EXERCISE GOAL » All lines in the records below from the line with "Защитникът очевидно се" through the line with "Slip Prevention: The" are to be given again exactly, both ends included; the pictures are to be left out.

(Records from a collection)
--

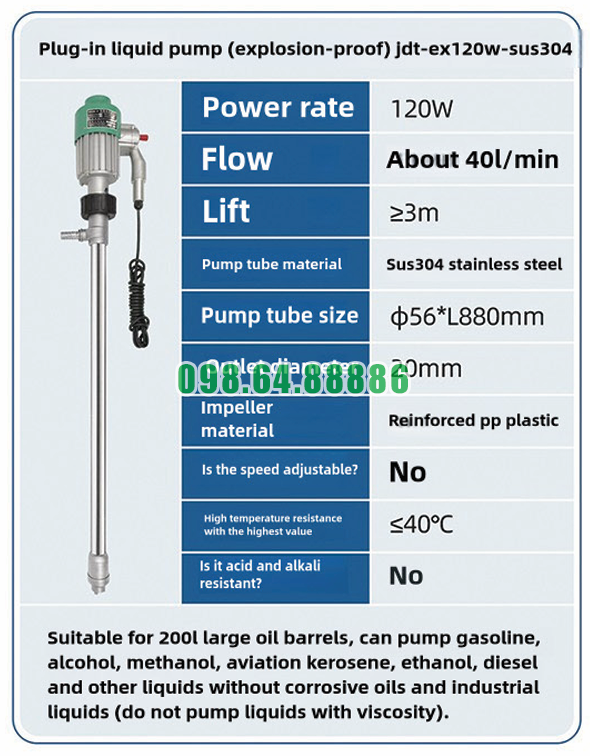 Lịch trình bảo dưỡng định kỳ cho Bơm chất lỏng cắm điện chống cháy nổ JDT-EX120W-SUS304 là yếu tố quan trọng giúp thiết bị luôn hoạt động ổn định, kéo dài tuổi thọ và đảm bảo an toàn khi làm việc với các chất lỏng dễ cháy. Việc bảo dưỡng đúng thời điểm giúp phát hiện sớm hư hỏng và hạn chế rủi ro trong quá trình vận hành.
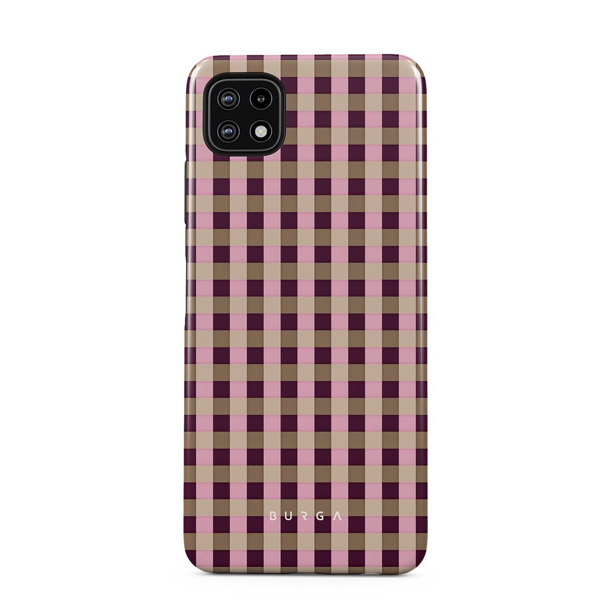 Główne elementy projektu: różowo-bordowy wzór w kratkę, nowoczesny styl.
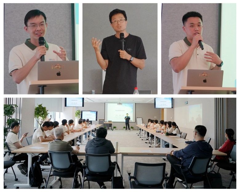 在阿里巴巴集团座谈会上,我校0411本硕博校友、淘天集团资深算法专家刘青文与同学们分享了自己从科大到阿里的学习、工作经历,介绍了淘宝搜推算法模型设计与应用案例。我校首期“雄鹰计划”优秀项目代表“基于离子阱的分布式量子计算系统”负责人、物理学院2021级博士研究生张洋,2023年中国国际大学生创新大赛国赛金奖项目代表“聚乳酸高性能可持续复合薄膜”负责人、先进技术研究院2022级博士研究生李德涵同学分别从项目背景、产品定位、技术优势、商业前景和心得体会等方面进行汇报展示。我校9414校友、不同资本合伙人王明强赞叹于同学们对产品定位、技术优势和产业布局的清晰认知,并鼓励同学们在开展创新创业项目的过程中持续关注用户需求,充分理解商业运营逻辑,打开面向世界的眼光,勇立潮头、迎难直上。
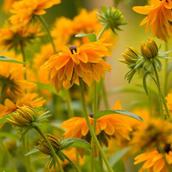 A biennial, often grown as an annual with bristly leaves and stems growing 50-100cm. Large, double or semi-double, daisy-like flower heads with rich golden-yellow petals surrounding a dark brown central cone appear in summer and autumn.
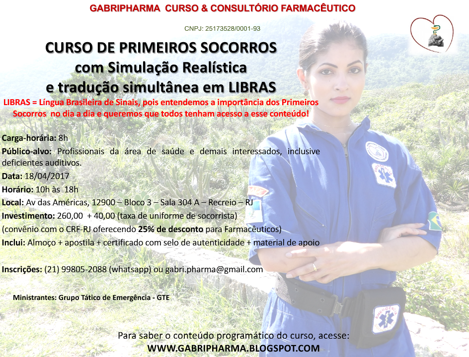 Curso de Primeiros Socorros com Simulação Realística Mais informações em http://gabripharma.blogspot.com.br
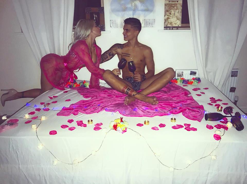 Защитникът очевидно се е постарал доста за романтичната вечер, което ясно личи от кадъра. Петров е посрещнал любимата си в легло, обсипано с розови цветчета и запалени ароматни свещи. Ивелина пък е заложила на предизвикателна розова рокличка, от която изпъкват едрите й форми.
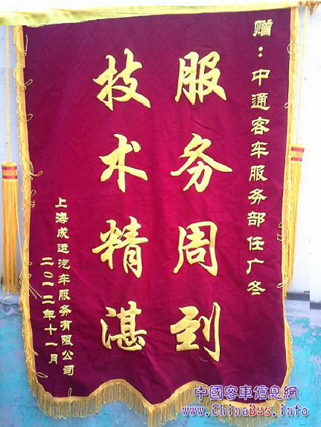 近日,上海成運汽車服務(wù)有限公司將一面“服務(wù)周到 技術(shù)精湛”的錦旗寄至中通客車技術(shù)服務(wù)部,對上海服務(wù)人員任廣冬同志的服務(wù)工作給予了高度評價和真誠的感謝…..
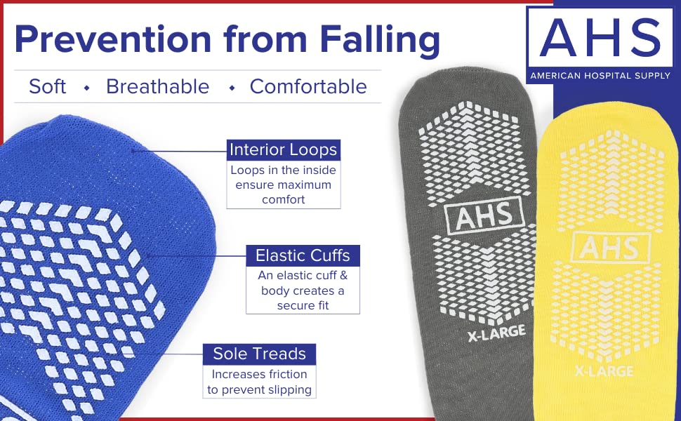 Slip Prevention: The anti slip socks feature a premium tread on the sole, helping increase friction between the sock and floor to prevent the risk of slipping. The sole tread maximizes floor contact to substantially reduce the chances of falls.
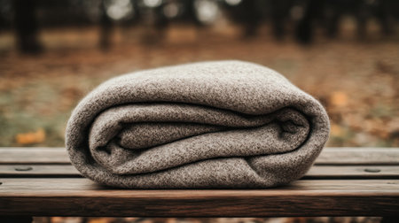 A neatly folded light cotton blanket in a neutral tone on a wooden bench, natural light enhancing the soft texture, HD quality --chaos 30 --ar 16:9 --v 6.1 Job ID: 478888fd-ad5e-4e32-9514-e2a0e56ce278

--

ANSWER AREA »
 Защитникът очевидно се е постарал доста за романтичната вечер, което ясно личи от кадъра. Петров е посрещнал любимата си в легло, обсипано с розови цветчета и запалени ароматни свещи. Ивелина пък е заложила на предизвикателна розова рокличка, от която изпъкват едрите й форми.
 近日,上海成運汽車服務(wù)有限公司將一面“服務(wù)周到 技術(shù)精湛”的錦旗寄至中通客車技術(shù)服務(wù)部,對上海服務(wù)人員任廣冬同志的服務(wù)工作給予了高度評價和真誠的感謝…..
 Slip Prevention: The anti slip socks feature a premium tread on the sole, helping increase friction between the sock and floor to prevent the risk of slipping. The sole tread maximizes floor contact to substantially reduce the chances of falls.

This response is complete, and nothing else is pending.